Making Drupal 8 fly

In my travels to talk about Drupal, everyone asks me about Drupal 8's performance and scalability. Modern websites are much more dynamic and interactive than 10 years ago, making it more difficult to build modern sites while also being fast. It made me realize that maybe I should write up a summary of some of the most exciting performance and scalability improvements in Drupal 8. After all, Drupal 8 will leapfrog many of its competitors in terms of how to architect and scale modern web applications. Many of these improvements benefit both small and large websites, but also allow us to build even bigger websites with Drupal.

More precise cache invalidation

One of the strategies we employ in making Drupal fast is "caching". This means we try to generate pages or page elements one time and then store them so future requests for those pages or page elements can be served faster. If an item is already cached, we can simply grab it without going through the building process again (known as a "cache hit"). Drupal stores each cache item in a "cache bin" (a database table, Memcache object, or whatever else is appropriate for the cache backend in use).

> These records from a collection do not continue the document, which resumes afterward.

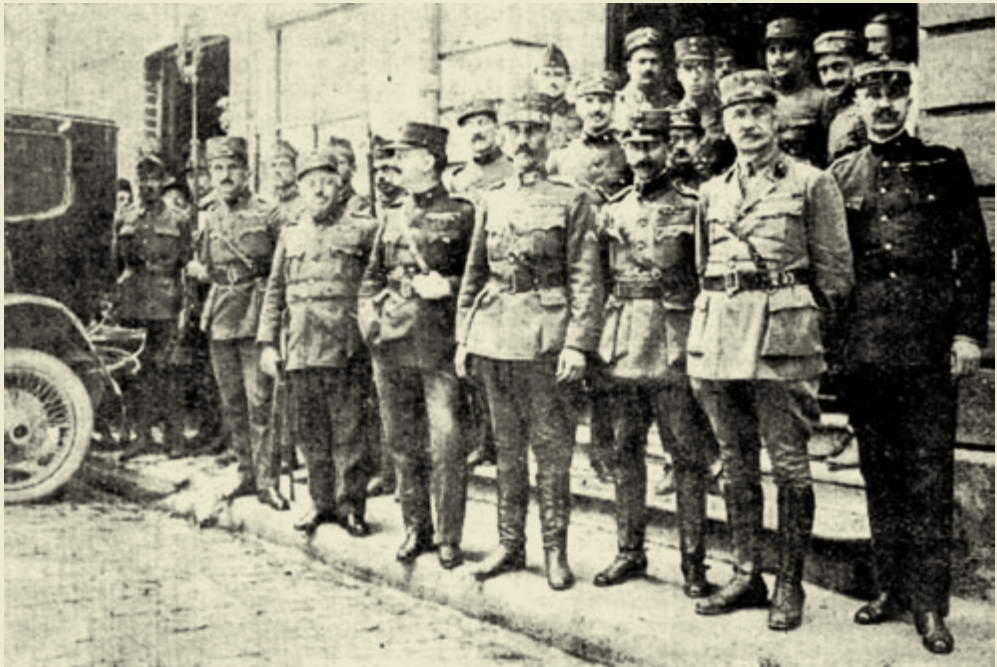
Ο Στρατ. Νίδερ μετά του επιτελείου του, έξωθι της εν Κων/πολεις Ελλ. Πρεσβείας μετά την άφιξη των εκ Ρουμανίας (31 Μαΐου 1919).

χίες, δύναμη 23.351 άνδρες. Η In Μερραρχία δεν έλαβε μέρος στις επιχειρήσεις, αλλιά παρέμεινε συγκεντρωμένη στην Καβάλλα).
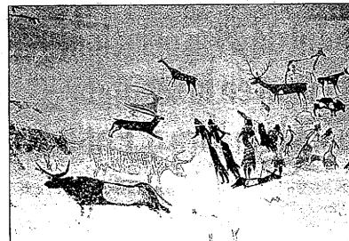
El Cogul tendrá un Centro de Interpretación

LES BORGES BLANQUES. El Parc Temàtic del Oli de les Borges Blanques lidera el ranking de visites de la comarca de les Garrigues, amb 41.975 visitants en l'any 2009, segons dades del Consell Comarcal. Le segueix la fortalesa de los Vilars con 4.800 visites y la sala d'exposicions de la Fira con 3.800 visites. Se destaca que las pinturas del Cogul han sido cerradas al público durante el 2009 por la construcción del Centro de Interpretación.
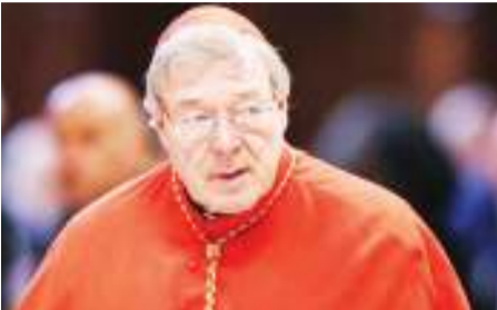
Kashfa ngono watoto ilivyomtupia mzigo wa kuhamia jela miaka sita Ukurasa 18
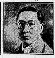
Sun Fo, hijo del ex presidente chino, General T'ao Yü-Kai, del estado ministro de Comunicaciones en el gobierno de Chang Kai-Shek y miembro del C. E. Nacionalista.
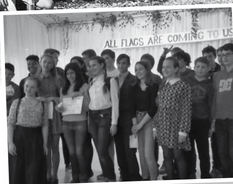
Groupe franco russe bouriate à Baïkalsk

En avril c'est le groupe des élèves du club Unesco, qui avaient reçus leurs correspondants en avril 2016, qui se sont rendus à Irkoutsk, en Sibérie, sur les bords du lac Baïkal. La problématique du Geopark était à l'honneur puisque celui du Chablais parraine la création d'un
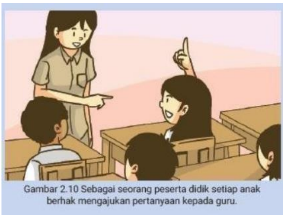
Gambar 2.10 Sebagai seorang peserta didik setiap anak berhak mengajukan pertanyaan kepada guru.
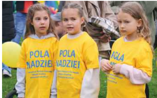
W akcję zaangażowali się także najmłodszy

Od lat wydarzenie gromadzi wielu uczestników, którzy chętnie niosą pomoc osobom potrzebującym i objętym opieką hospicyjną. Zebrane
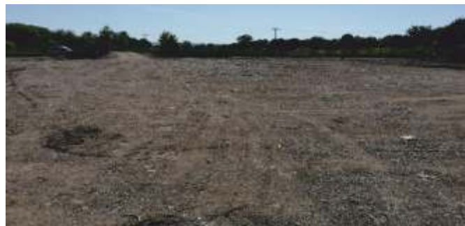
Navýšení a zpevnění pláňe
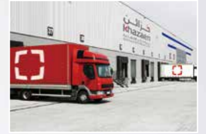
卡桑工商城 Khazaen Economic City www.khazaen.om/start/city-of-the-future/
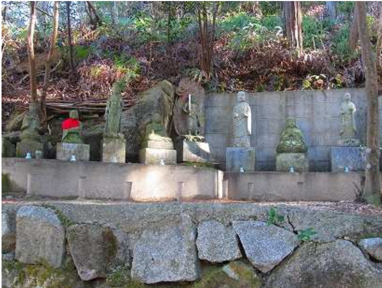
10:02 山手側に石仏が祀られている。
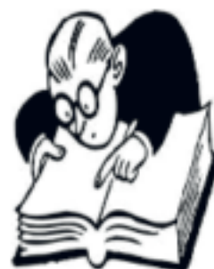
Skrevet av Aage Johansen etter dykk i arkivet
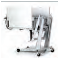
Porte-charge avec fonction de bascule
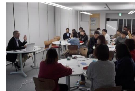
【象山未来塾の様子】

寮での学習サポートの一環として、キャリアセンター主催の「象山未来塾」を計7回開催し、延べ129人が参加した。象山未来塾は、教員や企業、地域住民をゲストに寮生と語り合い、イノベーションの思想に触れることで、自分のキャリアを考えるための教育課程外プロジェクトとして位置付けている。参加者の満足度は100%（終了後のアンケートより）と高い学習効果を上げることが出来た。

In Drupal 7 and before, when one of these cache items changes and it needs to be re-generated and re-stored (the cache gets "invalidated"), you can only delete a specific cache item, clear an entire cache bin, or use prefix-based invalidation. None of these three methods allow you to invalidate all cache items that contain data of, say, user 200. The only method that is going to suffice is clearing the entire cache bin, and this means that usually we invalidate way too much, resulting in poor cache hit ratios and wasted effort rebuilding cache items that haven't actually changed.

This problem is solved in Drupal 8 thanks to the concept of "cache tags": each cache item can have any number of cache tags. A cache tag is a compact string that describes the object being cached. Thanks to this extra metadata, we can now delete all cache items that use the user:200 cache tag, for example. This means we've deleted all the cache items we must delete, but not a single one more: optimal cache invalidation!

Example cache tags for different cache IDs.

And don't worry, we also made sure to expose the cache tags to reverse proxies, so that efficient and accurate invalidation can happen throughout a site's entire delivery architecture.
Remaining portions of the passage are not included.